Exercise prompt
Retype the lines below exactly, but only those from the line that has "Tras un merecido" through the line that has "Envoyez par email". Omit every picture.

Material for this exercise
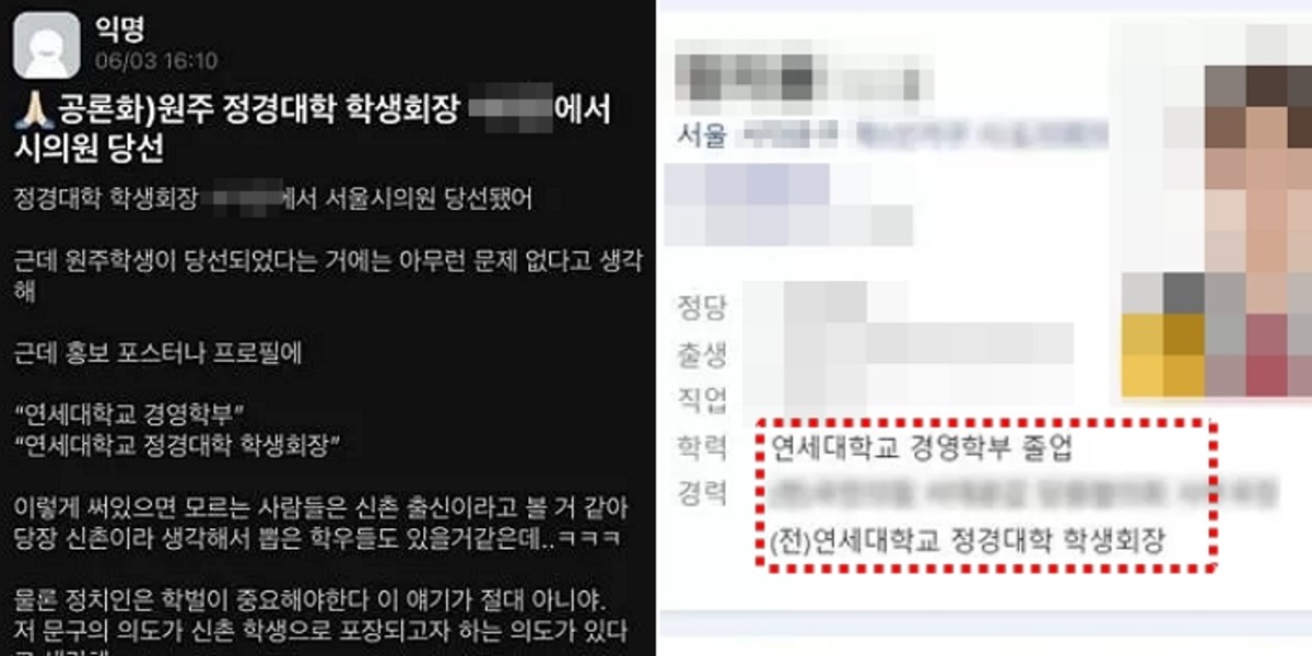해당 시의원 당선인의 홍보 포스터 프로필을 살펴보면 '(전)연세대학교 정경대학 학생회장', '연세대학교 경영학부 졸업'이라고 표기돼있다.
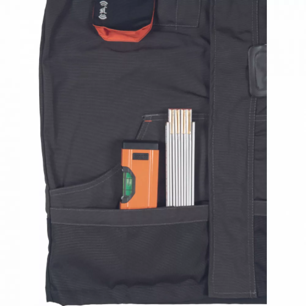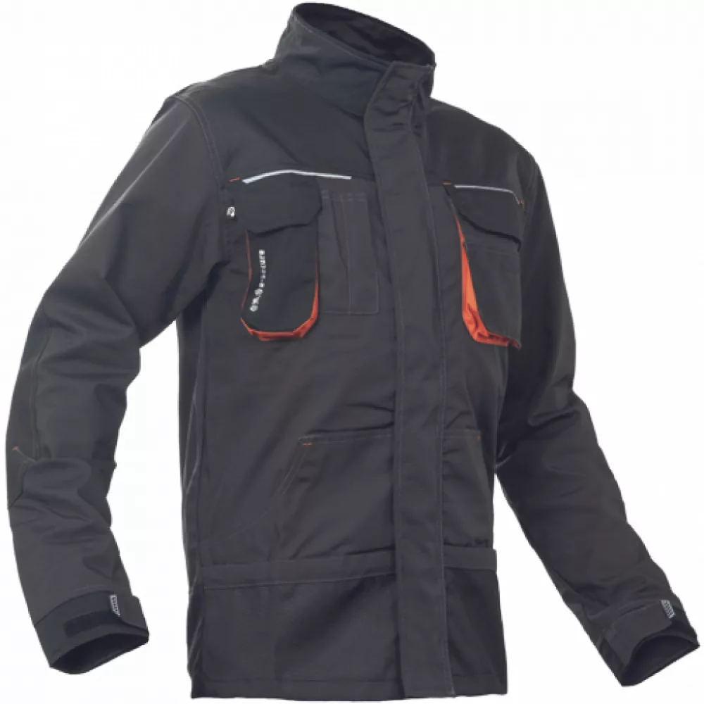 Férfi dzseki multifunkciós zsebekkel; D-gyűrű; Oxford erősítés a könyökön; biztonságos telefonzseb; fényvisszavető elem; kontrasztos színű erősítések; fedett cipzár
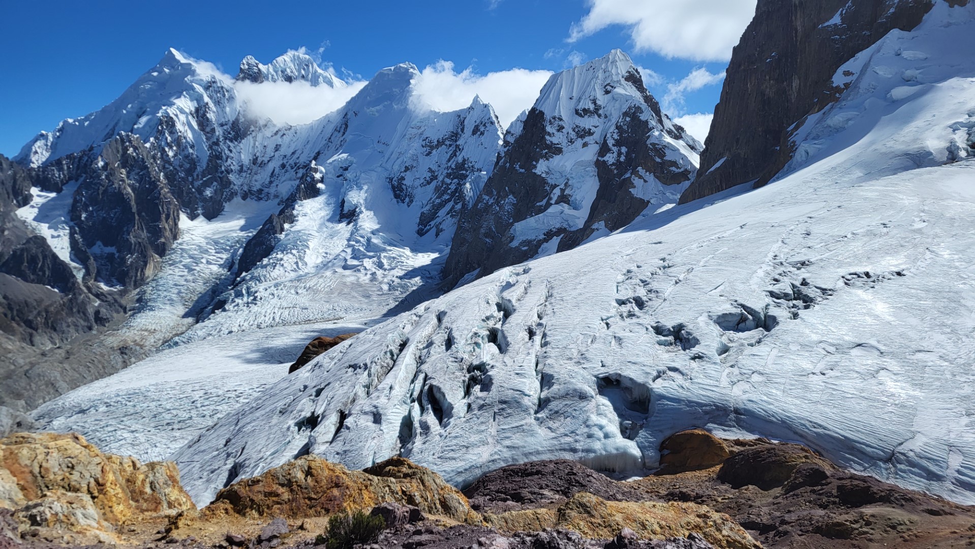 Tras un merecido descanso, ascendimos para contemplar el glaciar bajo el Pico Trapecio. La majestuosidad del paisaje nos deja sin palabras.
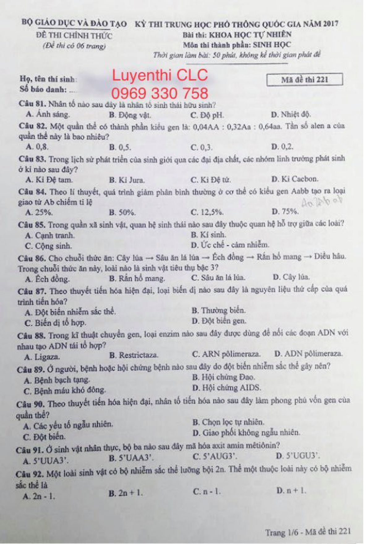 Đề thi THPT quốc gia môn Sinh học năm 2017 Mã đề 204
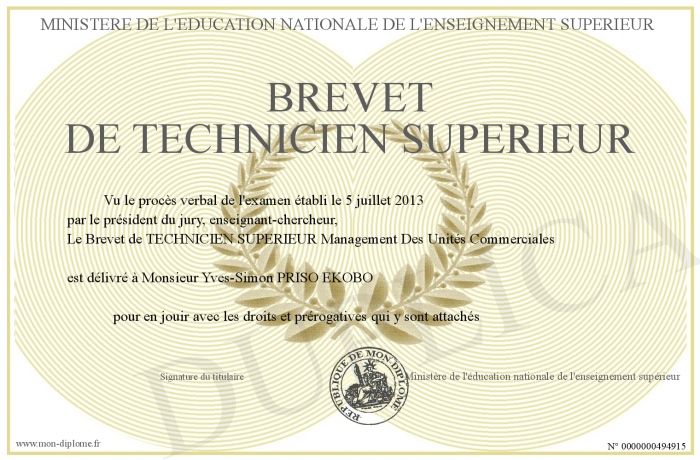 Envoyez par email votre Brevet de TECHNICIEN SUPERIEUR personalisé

---

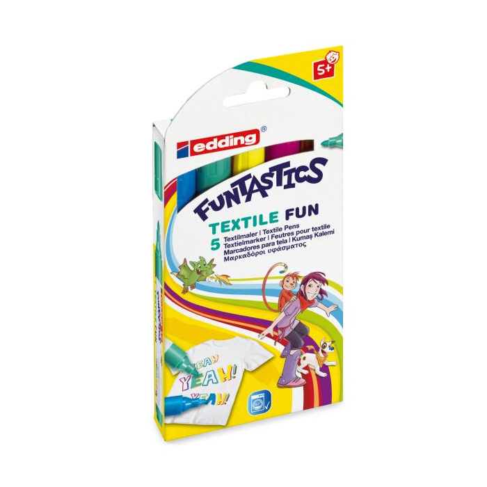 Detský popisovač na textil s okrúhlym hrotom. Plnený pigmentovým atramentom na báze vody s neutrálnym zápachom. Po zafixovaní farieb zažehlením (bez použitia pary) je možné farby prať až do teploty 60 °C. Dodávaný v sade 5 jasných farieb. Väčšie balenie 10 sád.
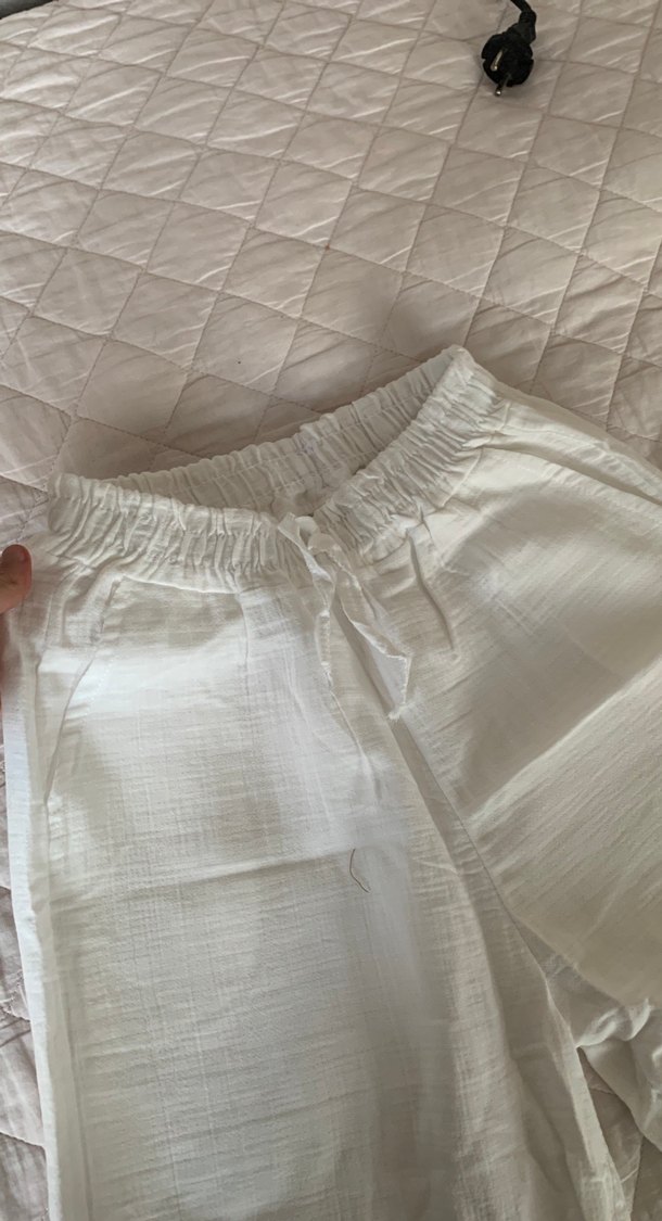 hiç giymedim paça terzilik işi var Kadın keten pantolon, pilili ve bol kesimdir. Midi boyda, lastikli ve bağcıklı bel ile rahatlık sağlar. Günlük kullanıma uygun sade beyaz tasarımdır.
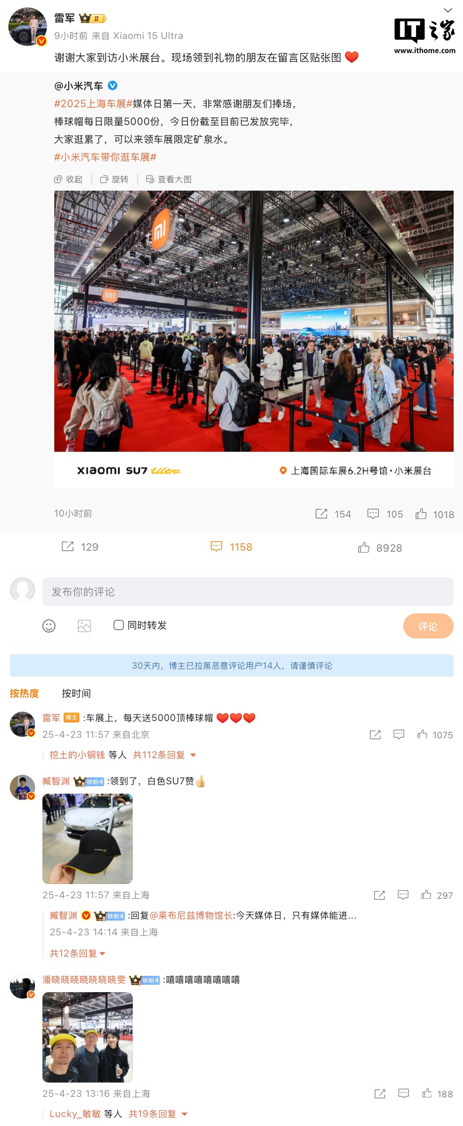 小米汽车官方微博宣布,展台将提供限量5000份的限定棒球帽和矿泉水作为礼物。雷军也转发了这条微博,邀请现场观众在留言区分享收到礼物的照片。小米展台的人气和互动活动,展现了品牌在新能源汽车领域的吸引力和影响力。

Output of the exercise
 Tras un merecido descanso, ascendimos para contemplar el glaciar bajo el Pico Trapecio. La majestuosidad del paisaje nos deja sin palabras.
 Đề thi THPT quốc gia môn Sinh học năm 2017 Mã đề 204
 Envoyez par email votre Brevet de TECHNICIEN SUPERIEUR personalisé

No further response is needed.